O próprio STJ, ao reunir os precedentes que deram origem à Súmula 616, registra expressamente que o simples atraso não implica suspensão ou cancelamento automático do contrato de seguro, sendo necessária a prévia constituição em mora/interpelação do segurado.
Portanto, não basta à seguradora simplesmente afirmar, após a ocorrência do furto, que a cobertura estava suspensa. É indispensável demonstrar quando ocorreu a suspensão, quando ocorreu eventual cancelamento, qual foi o meio utilizado para comunicar o segurado e comprovar que essa comunicação ocorreu antes do sinistro.
No presente caso, o sinistro ocorreu em 22/07/2026. A parcela tinha vencimento em 19/07/2026 e foi paga em 22/07/2026. Não foi apresentada qualquer comunicação anterior ao sinistro informando que a apólice havia sido cancelada ou que a cobertura havia sido suspensa.
Mais do que isso, a própria seguradora somente está comunicando formalmente o cancelamento da apólice na negativa emitida em 10/08/2026, quando afirma que considerando a perda do objeto sua apólice será cancelada.
Isso demonstra a necessidade de esclarecimento: se a apólice somente está sendo cancelada em 10/08/2026, com base em que documento a seguradora afirma que ela já estava cancelada ou suspensa em 22/07/2026?
O cancelamento posterior ao sinistro não pode ser utilizado para criar, retroativamente, uma situação de inexistência de cobertura na data do evento.
Assim, solicito que a seguradora apresente:
A data e horário exatos da suposta suspensão da cobertura;
A data e horário exatos do eventual cancelamento da apólice;
O documento que comprova essa suspensão ou cancelamento;
A comunicação enviada ao segurado antes de 22/07/2026;
O comprovante de que essa comunicação foi efetivamente recebida pelo segurado;
O histórico sistêmico da apólice demonstrando quando ela passou de ativa para suspensa ou cancelada;
A justificativa para a apólice continuar disponível e aparentemente ativa no aplicativo até 10/08/2026.
Diante disso, não se pode simplesmente presumir que o contrato estava suspenso na data do sinistro com base exclusivamente na existência de atraso de três dias no pagamento de uma parcela.
A seguradora precisa comprovar que a suspensão ou resolução do contrato ocorreu validamente antes do sinistro e mediante prévia comunicação ao segurado, conforme entendimento consolidado pelo Superior Tribunal de Justiça.
Na ausência dessa comprovação, requer-se a reconsideração da negativa e o regular prosseguimento da regulação do sinistro, com o reconhecimento da cobertura securitária.
Embora a parcela tenha sido paga em 22/07/2026, o ponto central da controvérsia não é apenas a regularização do pagamento, mas a inexistência de comprovação de suspensão ou resolução válida do contrato antes do sinistro.
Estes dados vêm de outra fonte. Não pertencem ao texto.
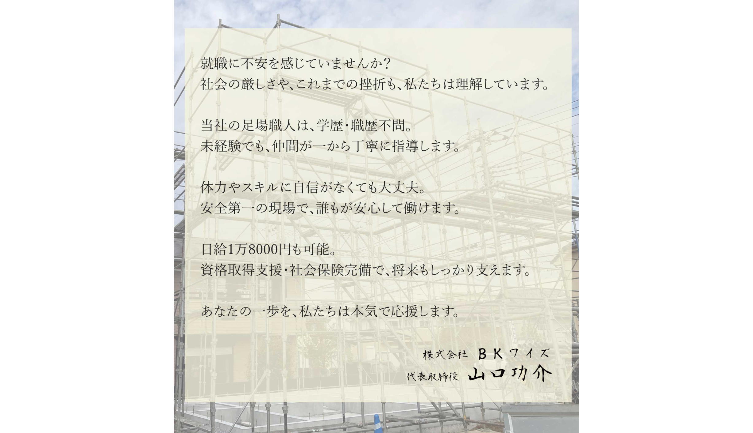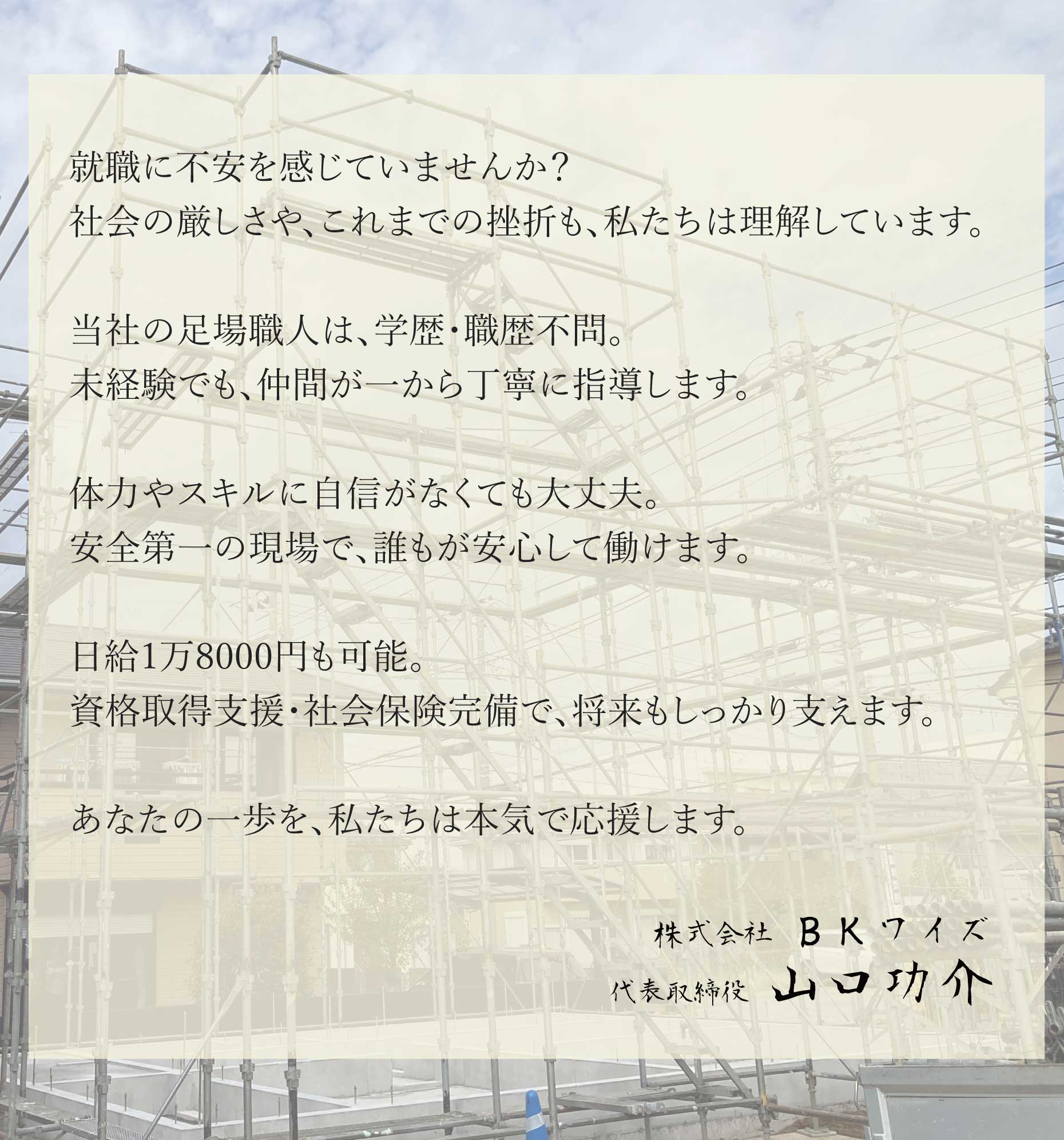 高校卒業後、ゼロからBKワイズに飛び込んだ!3ヶ月で足場の組み方を覚え、3年で一人前の職人に。

O mero atraso não implica automaticamente o cancelamento ou suspensão da cobertura, sendo necessária a prévia comunicação ao segurado.
Nesse sentido, a própria afirmação apresentada pela seguradora de que considerando a perda do objeto sua apólice será cancelada deve ser esclarecida. Se a apólice será cancelada agora, em 10/08/2026, onde está o documento que demonstra que ela já estava cancelada ou suspensa em 22/07/2026?
Essa aparente contradição deve ser esclarecida pela seguradora, especialmente porque o cancelamento posterior ao sinistro não pode ser utilizado para criar retroativamente uma situação de inexistência de cobertura na data do evento.
Por fim, ressalto que possuo print do aplicativo demonstrando que a apólice permanecia disponível e aparentemente ativa em 10/08/2026. Tal documento comprova a situação que o próprio sistema da empresa apresentava ao consumidor e deverá ser considerado na análise da presente contestação.
Para negar a cobertura por inadimplência, a seguradora deve demonstrar que a suspensão ou resolução da cobertura ocorreu validamente antes do sinistro e que houve a comunicação prévia exigida pela jurisprudência aplicável. A Súmula 616 do STJ estabelece justamente que a comunicação prévia é requisito para a suspensão ou resolução do contrato.